▶ **The problem**:
The result should be the lines from the one holding "LITTLE ACROBAT FLASHING" to the final line of the records below, repeated exactly and with no pictures.

▶ **Recorded information**:

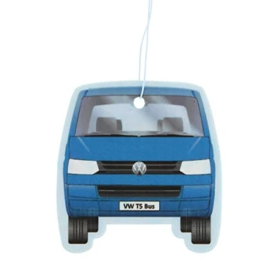 FRAGRANCE: Light, refreshing "Fresh" in the color Blue. Great air freshener in the design of VW T5 Bus in front and rear view, sold individually. Dimensions: 7.6 x 8 cm (3 x 3.1 inches). DOSAGE: Done through the surface and guarantees a subtle and long-lasting fragrance release. For individuals with a high sensitivity to scents, we recommend initially opening the packaging in just one spot. MULTIFUNCTIONAL: The pleasantly scented aromas are a great accessory. They can be used in cars, camper vans, tents, or even in living spaces, enchanting with pleasant fragrances. MATERIAL: We directly print 4-color on a double-sided printed special cardboard for the best possible quality. OFFICIALLY LICENSED: The air fresheners in VW T5 Bus design are an officially licensed product by Volkswagen. All our items are developed in Germany to meet our high quality standards.
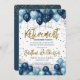 Um convite de festas jante de aposentadoria maravilhoso. Este glamouroso design azul e dourado apresenta brilho e balões. Fácil de personalizar com o seu próprio janto de aposentadoria ou detalhes do jantar.
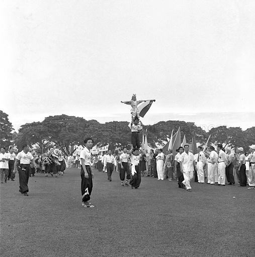 LITTLE ACROBAT FLASHING THE NATIONAL FLAG DURING HIS PERFORMANCE ON NATIONAL DAY
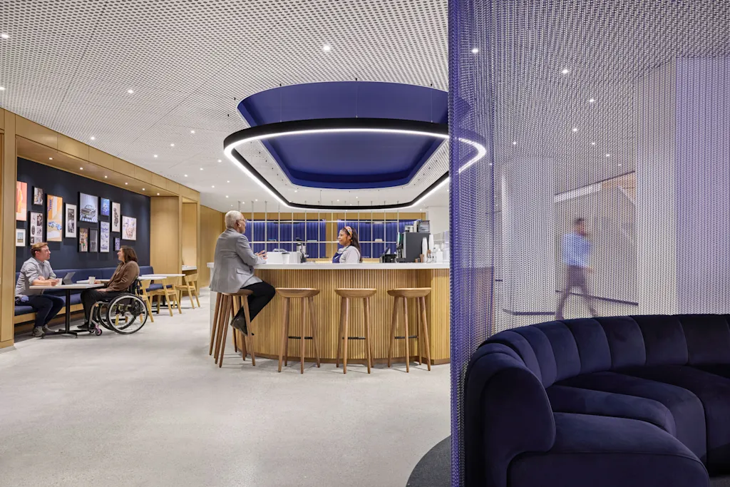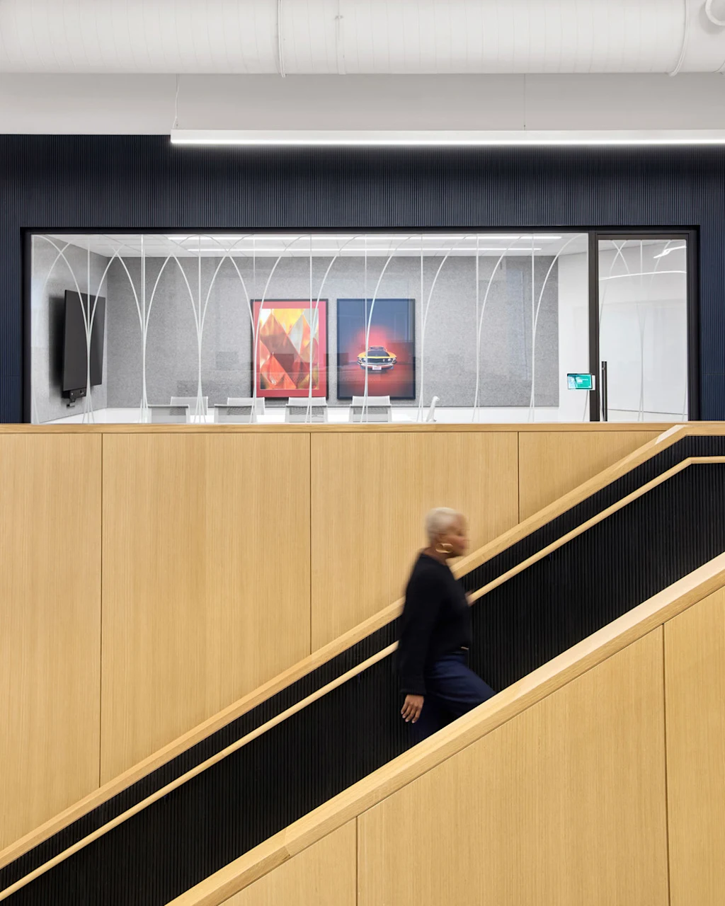 Deze ruimte is toegankelijk voor iedere Ford-werknemer, zelfs voor degenen die niet in het hoofdkantoor werken. Jennifer Kolstad, global design en brand director bij Ford Land, zegt dat het deel uitmaakt van de inspanningen van het bedrijf om zijn wereldwijde vastgoedportfolio te heroverwegen en meer ruimtes toegankelijker te maken voor verschillende soorten werk, of het nu gaat om een ​​lunchbijeenkomst of een head-down cram-sessie in een privécabine. Het staat ver af van de bureaucultuur die lang bij Ford heerste, zegt ze.
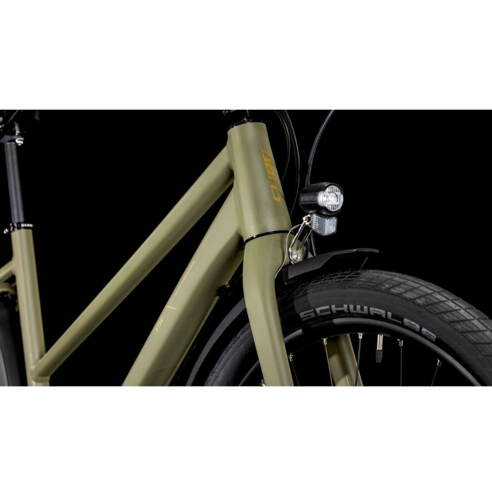 Escapa porta la bicicletta Cube Hyde Pro FE Trapeze 25 , una bicicletta urbana progettata per le donne, con un telaio trapezoidale che facilita il montaggio e lo smontaggio. Perfetto per gli spostamenti quotidiani, offre una guida comoda e sicura grazie ai suoi componenti di alta qualità e all'equipaggiamento completo.

▶ **Response to this task**:
 LITTLE ACROBAT FLASHING THE NATIONAL FLAG DURING HIS PERFORMANCE ON NATIONAL DAY
 Deze ruimte is toegankelijk voor iedere Ford-werknemer, zelfs voor degenen die niet in het hoofdkantoor werken. Jennifer Kolstad, global design en brand director bij Ford Land, zegt dat het deel uitmaakt van de inspanningen van het bedrijf om zijn wereldwijde vastgoedportfolio te heroverwegen en meer ruimtes toegankelijker te maken voor verschillende soorten werk, of het nu gaat om een ​​lunchbijeenkomst of een head-down cram-sessie in een privécabine. Het staat ver af van de bureaucultuur die lang bij Ford heerste, zegt ze.
 Escapa porta la bicicletta Cube Hyde Pro FE Trapeze 25 , una bicicletta urbana progettata per le donne, con un telaio trapezoidale che facilita il montaggio e lo smontaggio. Perfetto per gli spostamenti quotidiani, offre una guida comoda e sicura grazie ai suoi componenti di alta qualità e all'equipaggiamento completo.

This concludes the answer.